Summary In summary, there is currently evidence to suggest there is utility in measuring anti-TNF drug and antibody levels when employing biologic therapies in IBD. More recent research has demonstrated a role not only for reactive therapeutic monitoring in those who have not responded to or lost response to therapy, but also with early evidence suggesting a role for prospective monitoring of drug levels and antibodies in those on maintenance therapy to ensure that the potential of current treatments is maximized. Further research is required with new biologic agents as they come to market to further elucidate the role of therapeutic drug monitoring for each medication.
Acknowledgments A special thank you to Dr. Gary Falk for taking the time to review this manuscript.

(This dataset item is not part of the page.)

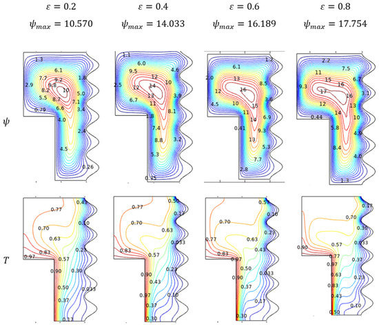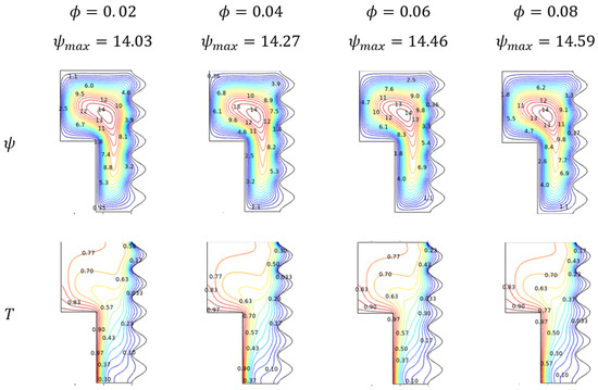 - Even though the thermal transmission process was the hotspot of this study, the porous medium includes the fluidity brought under consideration. Vital sign of improved fluidity was commonly found through the extended flow contour towards the narrow path between two distinct walls. Such a trend can be found as increasing for improving amounts of parameters like Rayleigh (), Darcy () numbers, and porosity (). Moderate contour variation towards fluidity can be viewed through nanofluid loading (), while the Hartman number () plays against it.
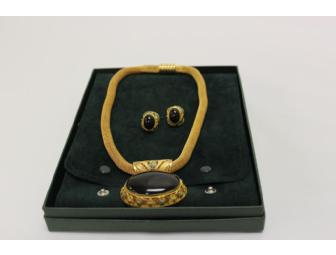 This beautiful jewelry from Barbara Garwood is handcrafted by artisans using Mongolian traditional art form. Each design of enamel and filigree work takes several days, and reflects their extensive training along with the art of their culture. Enjoy this piece of wearable art...bid today on this gorgeous necklace and earring set!

Compliance With Ethical Standards Conflict of Interest Frank I. Scott has received research grant funding from Takeda Pharmaceuticals and a Career Development award from the NIH (NIDDK Grant K08-DK095951). Gary R. Lichtenstein has received consultancy fees from Abbott Corporation/Abbvie, Actavis, Alaven, Ferring, Hospira, Janssen Orthobiotech, Luitpold/American Regent, Pfizer Pharmaceuticals, Prometheus Laboratories, Inc., Romark, Salix Pharmaceuticals/Valeant, Santarus, Shire Pharmaceuticals, Takeda, UCB, and Warner Chilcotte. Dr. Lichtenstein also has received honorarium payments from Ironwood and Luitpold/American Regent. Human and Animal Rights and Informed Consent This article does not contain any studies with human or animal subjects performed by any of the authors.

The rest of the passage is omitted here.